One of the most challenging claims to prove is a lost productivity or inefficiency claim. There is an alluring appeal to these claims because there are oftentimes intriguing facts and high damages. But the allure of the presentation of the claim does not compensate for the actual burden of proof in proving the lost productivity or inefficiency claim, which will require an expert. And they really are challenging to prove.
Don’t take it from me. A recent Federal Claims Court opinion, Nova Group/Tutor-Saliba v. U.S., 2022 WL 815826, (Fed.Cl. 2022), that I also discussed in the preceding article, exemplifies this point.
To determine lost productivity or inefficiency, the claimant’s expert tried three different methodologies.
First, the expert looked at industry standard lost productivity factors such as those promulgated by the Mechanical Contractor’s Association. However, the claimant was not a mechanical contractor and there is a bunch of subjectivity involved when using these factors. The expert decided not to use such industry standard factors correctly noting they provide value when you are looking at a potential impact prospectively, but once you incur actual damages and have real data, it is not an accurate measure.
Second, the expert tried the preferred methodology – the measured mile approach. The expert testified: “[T]he measured mile approach is an approach where you look at an unimpacted piece of the work to find out what it actually took to do that piece, and you compare it to the impacted production to see if you had a production loss, and you can measure that loss.” Nova Group, supra, at *50. The expert, however, elected not to use this approach due to the limited data he had to make this an accurate methodology.
Lastly, the expert tried and implemented the modified total cost methodology finding it to be the most appropriate methodology to capture the claimant’s lost productivity damages in the context of the claim.
A total cost method determines damages by taking “the difference between the actual cost of the contract and the contractor’s bid.
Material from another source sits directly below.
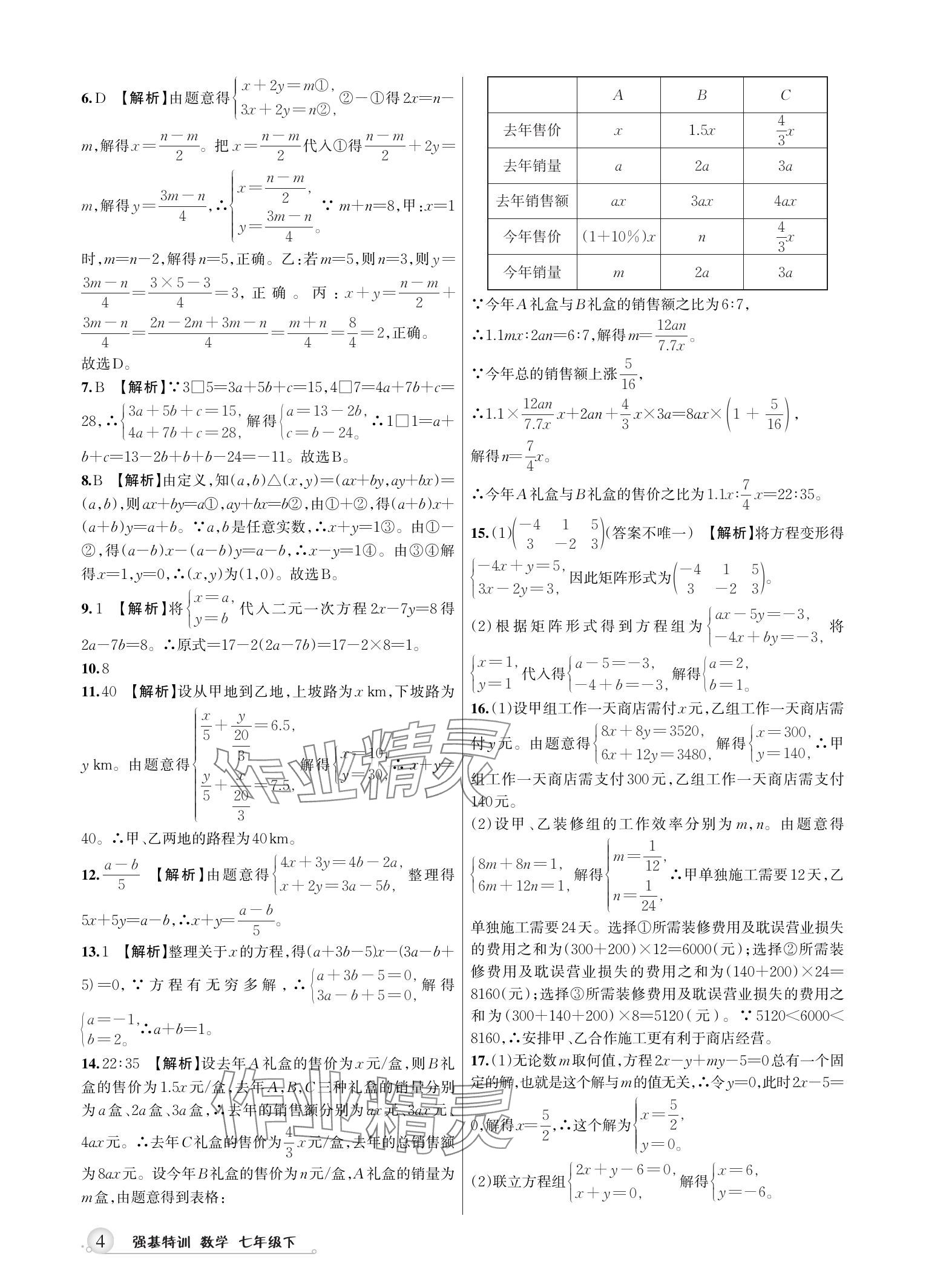 注:目前有些书本章节名称可能整理的还不是很完善,但都是按照顺序排列的,请同学们按照顺序仔细查找。练习册 2025年巧学提优七年级数学下册浙教版 答案主要是用来给同学们做完题方便对答案用的,请勿直接抄袭。

This method is disfavored by courts “because of concerns about bidding inaccuracies, which can reduce the contractor’s estimated costs, and performance inefficiencies, which can inflate its actual expenditures.” “The modified total cost methodology addresses some of the objections to the total cost method” by adjusting for possible inaccuracies.
The modified total cost method requires the contractor, typically through an expert, to prove: (1) the impracticability of proving actual losses directly; (2) the reasonableness of its bid; (3) the reasonableness of its actual costs; and (4) its lack of responsibility for the added costs.
Nova Group, supra, at *51 (citations omitted).
The government (opposing the lost productivity claim) countered that the claimant failed to prove these factors. In particular, the government argued that the claimant did not prove the reasonable of its costs or its lack of responsibility for its added costs. In doing so, the government relied on testimony of its own expert that addressed factors that went into the claimant’s cost overrun. The Federal Claims Court agreed that the claimant failed to prove the required factors to utilize a modified total cost approach: “Plaintiff has not met its burden of providing modified total cost damages, in particular, Plaintiff’s lack of responsibility for lost productivity costs….” Nova Group, supra, at *52.
When presenting a lost productivity or inefficiency claim, it is imperative that an expert is utilized. While the claimant’s expert did the right thing by analyzing different lost productivity methodologies, by failing to fully and completely address all of the factors to sustain the modified total cost approach, the lost productivity claim failed because the burden of proof was not met.